#### WHAT THE TASK ASKS
Every line with the string "defoliation" in it belongs in your answer, so copy them all from the data.

[[ RECORD SET, beginning ]]

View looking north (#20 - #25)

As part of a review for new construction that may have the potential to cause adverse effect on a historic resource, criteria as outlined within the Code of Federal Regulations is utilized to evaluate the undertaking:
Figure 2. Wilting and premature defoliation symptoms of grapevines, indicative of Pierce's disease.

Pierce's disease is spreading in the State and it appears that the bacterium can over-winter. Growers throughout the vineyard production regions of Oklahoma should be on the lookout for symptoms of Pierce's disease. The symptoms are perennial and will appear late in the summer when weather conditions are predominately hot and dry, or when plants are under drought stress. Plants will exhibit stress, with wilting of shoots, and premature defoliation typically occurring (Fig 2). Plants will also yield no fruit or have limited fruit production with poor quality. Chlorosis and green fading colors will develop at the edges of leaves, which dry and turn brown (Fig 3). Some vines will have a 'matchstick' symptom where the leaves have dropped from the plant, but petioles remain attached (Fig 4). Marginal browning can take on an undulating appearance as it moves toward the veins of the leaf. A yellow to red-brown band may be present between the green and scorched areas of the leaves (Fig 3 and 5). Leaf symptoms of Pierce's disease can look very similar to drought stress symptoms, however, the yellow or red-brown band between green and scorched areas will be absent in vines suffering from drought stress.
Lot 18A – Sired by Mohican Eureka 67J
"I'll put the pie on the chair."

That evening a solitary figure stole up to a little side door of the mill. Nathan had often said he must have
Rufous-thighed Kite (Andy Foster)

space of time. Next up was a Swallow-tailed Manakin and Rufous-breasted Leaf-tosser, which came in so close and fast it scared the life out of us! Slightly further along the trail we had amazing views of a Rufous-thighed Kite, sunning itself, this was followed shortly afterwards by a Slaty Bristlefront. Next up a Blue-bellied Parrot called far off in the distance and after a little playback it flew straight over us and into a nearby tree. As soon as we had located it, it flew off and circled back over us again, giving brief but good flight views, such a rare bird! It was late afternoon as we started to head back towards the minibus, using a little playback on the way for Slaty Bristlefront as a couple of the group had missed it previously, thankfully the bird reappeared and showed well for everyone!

[[ RECORD SET, end ]]

#### PROBLEM SOLUTION
Figure 2. Wilting and premature defoliation symptoms of grapevines, indicative of Pierce's disease.
Pierce's disease is spreading in the State and it appears that the bacterium can over-winter. Growers throughout the vineyard production regions of Oklahoma should be on the lookout for symptoms of Pierce's disease. The symptoms are perennial and will appear late in the summer when weather conditions are predominately hot and dry, or when plants are under drought stress. Plants will exhibit stress, with wilting of shoots, and premature defoliation typically occurring (Fig 2). Plants will also yield no fruit or have limited fruit production with poor quality. Chlorosis and green fading colors will develop at the edges of leaves, which dry and turn brown (Fig 3). Some vines will have a 'matchstick' symptom where the leaves have dropped from the plant, but petioles remain attached (Fig 4). Marginal browning can take on an undulating appearance as it moves toward the veins of the leaf. A yellow to red-brown band may be present between the green and scorched areas of the leaves (Fig 3 and 5). Leaf symptoms of Pierce's disease can look very similar to drought stress symptoms, however, the yellow or red-brown band between green and scorched areas will be absent in vines suffering from drought stress.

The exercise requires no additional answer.